Collaboration - A friend recently recommended Dave Hoover’s Apprenticeship Patterns and noted that Hoover discusses at length how important it is for young engineers to take on leadership roles in groups as early as possible. Taking on such leadership roles - even if these roles occur on projects that require limited technical expertise - encourages “new” leaders to see the benefits of a pro-active approach and oftentimes inspires confidence in their own ability to generate valuable ideas.


Isolation - Formative experiences are made meaningful by having these experiences alone. I watched an incredible documentary of Albert Einstein on the History Channel a while back that in some respects attempts to argue his unique thinking process was fostered by not being a part of the academic community while working as a patent clerk. Einstein could engage in thought experiments for as long as he pleased in part because he did not have the pressures and responsibilities of a collaborative work environment (consider how often in collaborative work environments you have to relate exactly what you’re doing to your collaboraters and show output where output may not exist).

Collaboration - Experience has a different type of meaning if we cannot compare, contrast or share it with our peers. Michael Finkel’s story on Christopher Thomas Knight has garnered a lot of attention this week because (I think) the idea of living in a self-contained vacuum for two plus decades is unfathomable to most human beings. Shared memories, as well as memories that allow us to connect with people, have a different meaning than individual memories, and that in part I think accounts for some of the strong reaction to the story. It would be difficult for most people, myself included, to produce quality work if I did not have that opportunity to share with and collaborate with other people on such work.
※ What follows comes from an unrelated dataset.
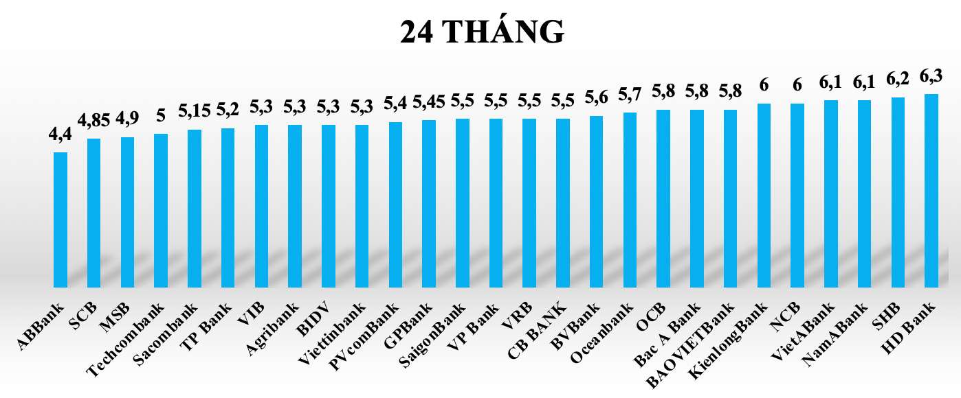 Tại kỳ hạn 24 tháng, lãi suất tiết kiệm các ngân hàng trong hệ thống dao động từ 4,4%-6,3%/năm. Một số ngân hàng có lãi suất cao trên 6% khi gửi tiết kiệm 24 tháng có thể kể tới như: HDBank (6,3%/năm), SHB (6,2%/năm), NamABank (6,1%/năm)...

Isolation - Individuals can create an impossibly high standard for themselves, and I think that’s in part a good thing. David Halberstam’s Playing for Keeps is my favorite Jordan (and 90s Bulls) biography. My main takeaway from that book is how Jordan created imaginary enemies in order to fuel his drive for on-court success. I consider this strategy a form of self-accountability, as Jordan made himself accountable for defeating his enemies (real or created) at all costs.

Collaboration - Alternatively, individuals can deliver parts of themselves to broader group culture, such that cultures become the mixture of many different individuals. Whether groups actually naturally select and reject the best and worst parts of individual cultures is up for debate.

Yet, accountability in a group environment likely forces people to be accountable for things they wouldn’t have thought to be accountable for in an isolated environment. To use the above example, Phil Jackson no doubt passed on the Zen-loving aspects of himself to the aforementioned 90s Bulls teams, and in doing so probably encouraged the members of these teams to feel a spiritual accountability (e.g. meditate every day) different than the Jordanian vision of accountability (e.g. physically train beyond your comfort zone).

To those still reading - I have no grand conclusion or formula on how to produce your best work. I have given thought throughout this post as to why isolation or collaboration could improve individual performance. And I cannot help but believe performance is enhanced through both individual and collaborative environments - disproportionately working in either one seems to me to be ill-advised, as both can deliver so many unique benefits.

Additionally, working in both I surmise is in line with Erikson’s ideas about confronting new challenges over time that pave the way for more self-debate.